Mellow musings on peer review

🕑 8 min • 👤 Thomas Graf • 📆 June 07, 2021 in Discussions • 🏷 publishing, journals, peer review

My last post (yes, ages ago) reflected on two issues that come up quite a bit on Martin Haspelmath’s blog, and in both cases I did not really agree with his conclusions. But there is a third issue he mentions a lot: peer review, be it for conferences, journals, or grants. Haspelmath has an impressive number of posts on the topic. The tldr is that reviews are a waste of time for reviewers, do not improve the final paper or proposal (e.g. because authors have to tack on extraneous stuff to please reviewers), and incentivize flashy presentation over substance. Moreover, reviewers are frequently forced into the role of gatekeepers who have to defend the fair maidens of Publisher Island and Conference Valley from the ravaging hordes of sub-par submissions. I do not want to directly argue for or against these points, I’m sure the prestigious outdex readership can make up its own mind. But I will say that my own experience has been a lot more positive, largely because of the field I’m in. So the following are some reflections on what I think mathematical linguistics as a field gets right with peer review (and there’s also a tiny bit about how it can sometimes go wrong).

Peer-review in mathematical linguistics is pleasantly mellow

I have published many computational papers, and the few times I got a nasty or unhelpful review was when the paper was submitted to a theoretical linguistics venue. The reviews from mathematical linguists, on the other hand, are among the most professional and level-headed I’ve ever seen. There’s four reasons for that, and I’m gonna talk about each one in painstaking detail.

Nah, not really, we can mostly ignore the first two because they don’t provide much of a learning opportunity for theoretical linguistics. First, mathematical linguistics is a small field, and that instills a very personal sense of community. Second, mathematical work is easier to evaluate objectively: are the definitions internally consistent, are the proofs correct, does the paper provide enough motivation for the work done, can you read it without going stark-raving mad. Suggestions for improvement are straight-forward, too: tighten up the writing here, change the notation a bit there, rework proof 3 to account for this special case. It’s all very cut-and-dry and, crucially, devoid of emotion or dogma. Math provides a framework where every paper could have plenty useful in it even if its priors do not match yours. You just won’t be inclined to, say, dismiss a TAG paper because you know for a fact that CCG is the only true formalism. It’s all very much in the spirit of letting a thousand flowers bloom because we know how to pick parts from one flower and crossbreed them with another one.

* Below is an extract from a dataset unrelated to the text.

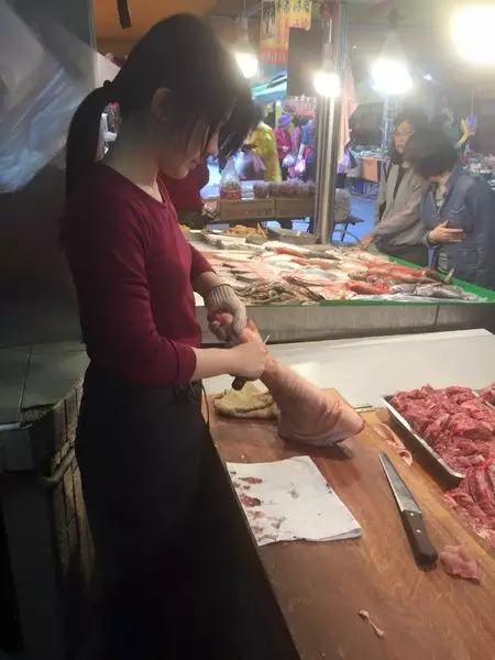 有本港網友聲稱,「賣肉」女神在秀茂坪街市工作。但其實她是台灣人,名叫張采婕,在台北東門市場的肉檔工作,亦都會幫手包餛飩出售,她不時會在Facebook分享肉檔的工作趣事。

That’s all nice and dandy, and I wouldn’t wanna have it any other way, but it isn’t really something that theoretical linguistics can hope to emulate. We can’t really kick out 90% of all linguists to make the field feel a bit cozier (it’s still pretty cozy compared to most other fields). And as I’ve said many times before, many linguists believe that there is one right theory, usually their own, in which case any deviation from that is problematic. And that creates a very different reviewing dynamic. But there are two other factors that make mathematical linguistics reviewing different, and those can be emulated in other fields: the length of submissions, and the streamlined review process.

Submission length

Mathematical linguistics largely avoids 2-page abstracts or papers with 30+ pages, two formats that are very popular in other subfields and, coincidentally, a total pain to review. One is too short, the other too long, although journal papers at least aren’t as pointless as abstracts. Abstracts are a complete waste of everybody’s time:

The authors have to squeeze tons of information into two pages or less, and then spend hours tweaking and polishing. All that effort is single-use because abstracts cannot be easily retooled into more useful formats, like a poster, slides, or a paper. An abstract can only produce more abstracts.
The reviewers, on the other hand, have to read the damn thing at least three times to make sense of it. Basically, they have to spend time and energy decompressing all the compressing the authors had to do because for some reason the abstract had to be two pages instead of 4. And even after all that decompressing they still don’t have much to go on for feedback. Maybe some missing references or some problematic data points, but who knows if those references are missing because of ignorance or space constraints, and who knows whether a data point is actually problematic or just too complicated to be covered in two pages.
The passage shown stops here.